Mary’s irreality -showed up almost immediately. As the judge in his red coat entered in slow and measured steps, the bewigged barristers and court officials bowed deeply, and the many police officers spread throughout the court stood stiffly to attention, Mary could hardly contain her pleasure at the spectacle. Norma, however, her whole body expressing bewilderment, turned round to her parents, her face reflecting the mixture of nervous smile and incipient tears that would become as familiar to the spectators as her mother’s shake of her head and gentle movement of her hand which propelled the child back to face the court.
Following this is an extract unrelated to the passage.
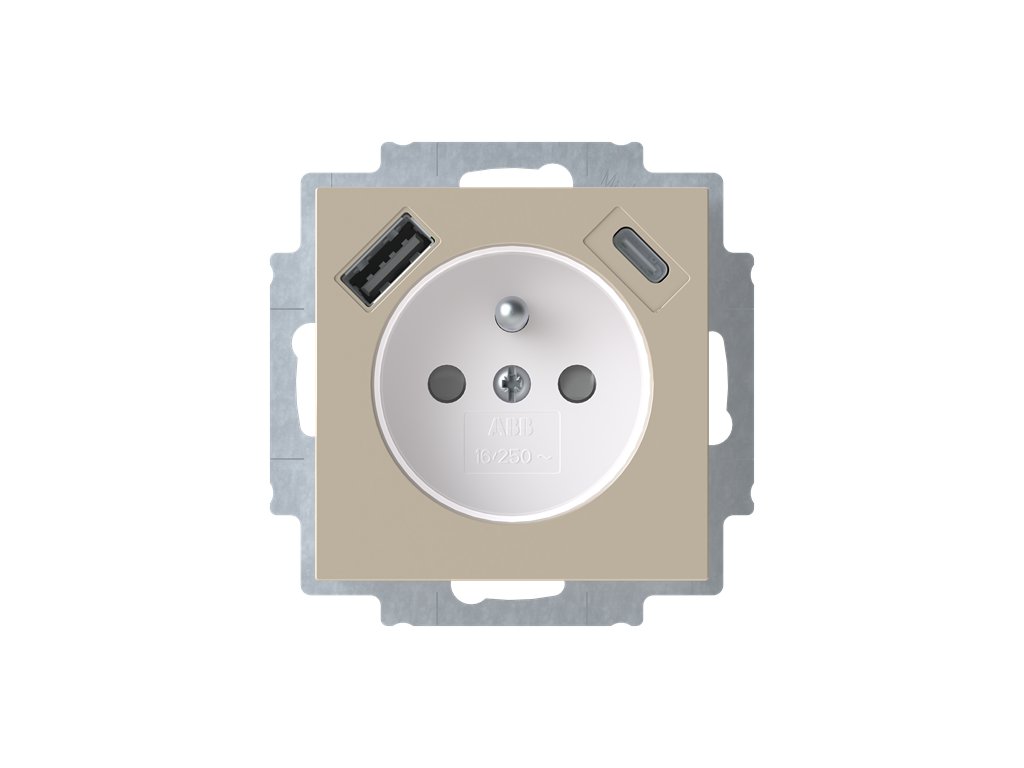 Zásuvka 1násobná s kolíkem, s clonkami, s nabíjením USB-A, USB-C

Norma, too, was a pretty girl, her hair also dark brown and as shiny as Mary’s. Every day’ both of them wore immaculately clean and ironed cotton dresses, white socks and polished shoes. Taller and physically more developed, Norma had a round face that looked perpetually puzzled and large soft brown eyes. One felt worried about Norma almost all the time, sorry for her often visible distress and concerned for her obviously caring parents and numerous relatives who, sitting behind her, attended every session, stroking and petting the desperate child on the many times she burst into tears. Her ten brothers and sisters, ranging in age from her handicapped sixteen-year-old brother down to a baby in arms, waited outside the court every day of the trial, waving to her enthusiastically whenever the door opened. And at every recess they rushed in and down the steps to what Mary, years later, would describe to me as ‘the dungeon’, the arched vault in the basement of the court building where, until the fifth day, when the judge ordered the girls to be kept in separate rooms, the two groups huddled at opposite corners of the huge chamber during breaks in the proceedings. There was love and determined gaiety around Norma from the beginning to the end of the trial. And nobody in court could have thought for a single moment that anyone in her family believed that little girl capable of murder.

Mary, much smaller, with her heart-shaped face and those remarkable bright-blue eyes, was not alone either, though the members of her extended family who attended appeared unable to hide their anxiety and distress. Her grandmother Mrs. McC. ” Betty’s thin, fine boned mother, was there every day, with a white, tired face, straight backed and silent. And her aunts, Betty’s sisters Cath and Isa, and Billy’s sister, Audrey, came, and so did Audrey’s husband, Peter, and Cath’s husband, Jack; all of them respectable and quiet, avoiding contact with anyone around and, during the breaks, directing (what one Newcastle policewoman described to me as) ‘forced-like cheer’ and ‘desperate affection’ towards Mary.